When in doubt, reset!

  • If you ever see an SSL related connection error when connecting to a particular service (email, sftp, our control panel, billing, etc.), do reset the related password as a precaution.

  • After public wifi/travel: Whether traveling, or connecting to While traveling & using networks that might be of sketchy origin, keep a digest of the passwords you use & change them during, and after returning from your trek.

  • Sharing passwords; If you do have to share a password for any reason, change the password beforehand (so you're not sharing a password you may have inadvertently used elsewhere) & afterwards.

Software Security

Practice Safe browsing

  • Use the latest version of your browser.
  • Disable flash, or use a browser that allows you to enable it on demand like chrome.
  • Block ads: Software addons like ublock origin) & eff's privacy badger) can really help.
  • On mobile, consider using Firefox Focus.

Keep software up to date

  • Keep software up to date, whether locally (your computers, tablets, phones) or on your hosting account.

  • Remove unnecessary software that could potentially be exploited — e.g. use as few plugins as feasible for scripts like WordPress, Joomla, Drupal & other content management systems. The same applies to your local computer: Less is more, but particularly with software that runs as a daemon (in the background).

Network Security

Avoid public wifi

Avoid public wifi connections whenever possible, but especially when using ftp, email, etc. unless you're connecting securely via sftp, or pop3 / imap via ssl or another secure method. Even then there are man in the middle attacks. These rules apply to laptops, cellphones, tablets, and any other device that can access networks.

Keep your router up to date

If you operate your own consumer grade router at home, keep it up to date.

  • Make sure that it's using encryption. Avoid using unencrypted wifi.
  • Change the default password
  • Disable any file sharing mechanisms it supports.
  • Turn off any remote access/manage related features

US-Cert has some reasonable tips for securing your home network

Don't share devices

  • Avoid using public computers, but if you do, change any passwords you've used afterwards.
  • Never assume that your friends, family & relatives don't already have virii / trojans / etc. on their system. The odds are against you in today's world.

Keep software up to date

  • Regardless of location (your computers, tablets, phones) or on your web hosting account, keep your software up to date.
  • Remove unnecessary software that could potentially be exploited — e.g. use as few plugins as feasible for scripts like WordPress, joomla, drupal & other content management systems.
  • The same applies to your home computer — remove unused software, or software that is commonly exploited like adobe flash, adobe pdf applications, etc.

Backups

Most importantly of all, keep backups. We've seen it time & time again, where something nasty occurs and there's nothing to restore to.

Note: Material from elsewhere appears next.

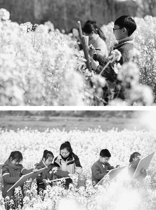 3月22日,余干县第八小学、第九小学开展“走进花海画春天”主题活动,学生走进油菜花田间,开展写生活动,感受春天的气息。

Bad things are going to happen

Bad things happen, period. Fires, theft, exploits, or even just bit rot1. Backup, backup, backup!

The 3-2-1 backup strategy

  • Keep at least 3 copies of your data
  • Two local copies of your data on two different backup mediums (Hard drive, usb key) in two different local locations in case of fire or theft.
  • At least one offsite copy. Whether this is a safety deposit box, or a good friend's safe.

Backup only what's important, and, remember if you don't have backups, the data might well not exist.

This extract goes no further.